Collège de sociocritique de Montréal


 

Colloque «Écritures hors foyer.

Comment penser la littérature actuelle ?»


Université de Montréal
26 octobre 2001


Actes

Brissette, Pascal, Paul Choinière, Guillaume Pinson et Maxime Prévost (édit.), Écritures hors-foyer. Actes du Ve Colloque des jeunes chercheurs en sociocritique et en analyse du discourset du colloque «Écritures hors-foyer : comment penser la littérature actuelle ?». 25 et 26 octobre 2001, Université de Montréal, Montréal, Université McGill, Chaire James McGill de langue et littérature françaises, coll. «Discours social / Social Discourse», nouvelle série / New Series, 7, 2002, 222 p.

Table des matières


Texte d'orientation

Retour au social : programme vaste, embrassant le politique mais transcendant la politique ? Ce retour au social que prônent plusieurs écrivains actuels (Houellebecq et Despentes en France, Tom Wolfe et Brett Easton Ellis aux États-Unis) débouche sur une interrogation fondamentale : retour au social certes, mais à quel social ? Au cours des années 1930, la «critique au service de la Révolution» et les diktats du réalisme socialiste amalgamaient spontanément réalisme littéraire et foi révolutionnaire. Aujourd'hui, l'écriture de Virginie Despentes, d'Easton Ellis, parmi tant d'autres, est certes réaliste et décrit résolument le social : peut-elle pour autant être amalgamée à la gauche politique ?

Comment penser la littérature actuelle ? Tout se passe en fait comme si les écrivains actuels, après des décennies de recherche formaliste, cherchaient à se refaire une popularité. Le mouvement actuel de la littérature scandaleuse (celle qui se fait un devoir de choquer : Baise-moi, 99 Francs) et des littératures «journalistiques» (Tom Wolfe, Thomas Harris, Michael Connelly sont des transfuges du journalisme, et ces deux derniers du journalisme criminel) n'a-t-il pas pour but premier de rompre avec le formalisme ? Mais la rupture de cette nouvelle littérature «populaire» (revendiquant néanmoins avec force son statut littéraire) d'avec la littérature pour les littérateurs (celle du fameux «pôle de production restreinte» bourdieusien), et la dévalorisation dont cette littérature pour littérateurs est frappée (voir le texte lapidaire de Tom Wolfe, «My Three Stooges», dans Hooking Up), coïncident-ils pour autant avec un renouveau de l'engagement ? Si oui, nous serions en train d'assister aux retrouvailles jubilatoires de l'écrivain et du public. Cet écrivain, de nouveau en parfaite possession d'un langage instrument (un langage ayant prise sur le monde), serait en mesure d'indiquer les «sources du mal» (l'«empire du bien» pour Philippe Muray, le politiquement correct et l'idéologie du «sympa» pour Renaud Camus, la «manufacture du consentement» pour Chomsky, le «libéralisme érotique» pour Houellebecq), de même que les formes de sa propagation.

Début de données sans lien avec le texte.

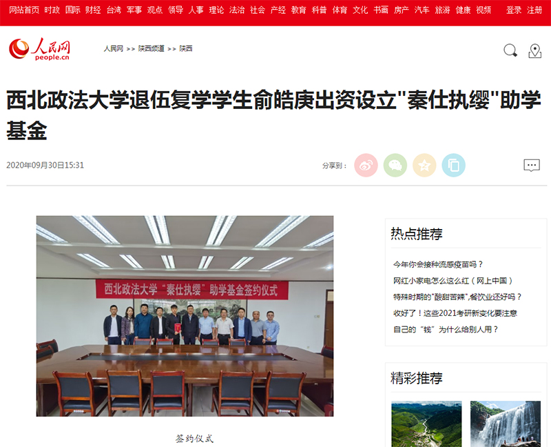 2020年1月初,俞皓庚同学多次与学校联系沟通,拿出个人攒下的生活补助和退伍军人就业安置补助金共计15万元设立“秦仕执缨”助学基金,该助学基金包括渭南市铁王村扶贫助学金、山阳中学励志奖学金及西北政法大学帮困救助基金等三个项目,集中资助西北政法大学扶贫点及校内贫困学生。目前,相关款项的发放工作正在进行中。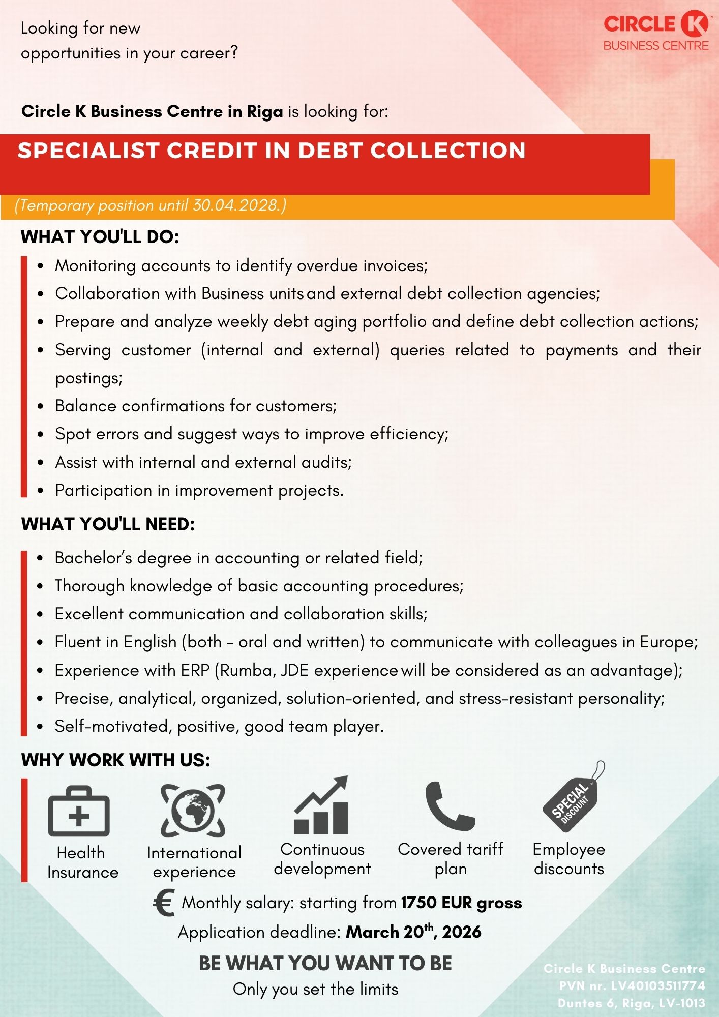 Circle K Business Centre in Riga is one of the biggest support offices in our global Circle K family. Were more than 750 professionals who are providing services in areas of Finance, Logistics, IT, Customer Service & HR. Join our international team!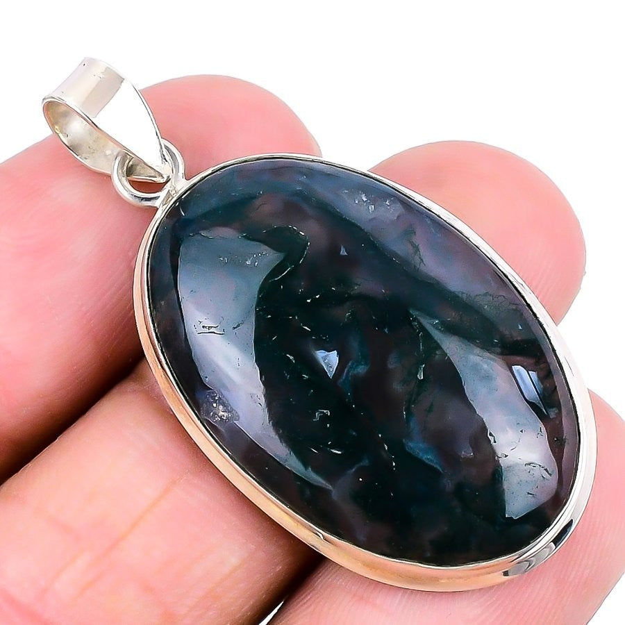 Indian Moss Agate Stone Handcrafted Engagement New Pendant Solid Sterling Silver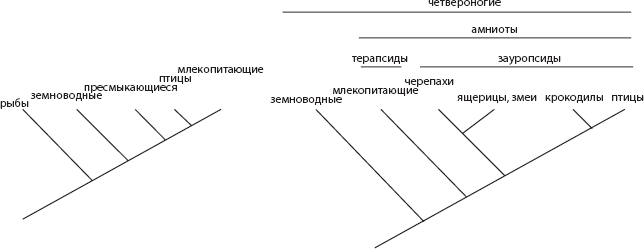 Рис. 1.4. Современная трактовка основанных на фактических данных эволюционных отношений между четвероногими позвоночными (справа), противопоставленная прежним взглядам, базирующимся на вытягивании лестницы природы вдоль оси эволюционного времени (слева). Млекопитающие (современные терапсиды) и пресмыкающиеся (современные зауропсиды, к которым относят и птиц) являются сестринскими группами. Следовательно, млекопитающие просто не могли произойти от рептилий

L'écrivain actuel est-il celui qui oppose une mission à la démission des ses prédécesseurs qui, désertant le monde, ont abandonné le sens au journalisme et les rennes de la société aux politiciens et aux financiers ? En replongeant dans le social, en le représentant sous son jour le plus terrible (on songe au totalitarisme festocratique de Muray, à l'«horreur économique» de Viviane Forrester, au paradis du kitsch de Milan Kundera), l'écrivain exécuterait un retour fracassant sur la scène du monde. Un monde à désenchanter à tout prix ?

Écritures hors foyer, ne pouvant plus être comprises à l'aune des catégories esthétiques et politiques du siècle passé ? Si tel est le cas, il s'agira de se munir de nouveaux outils pour appréhender l'imaginaire actuel.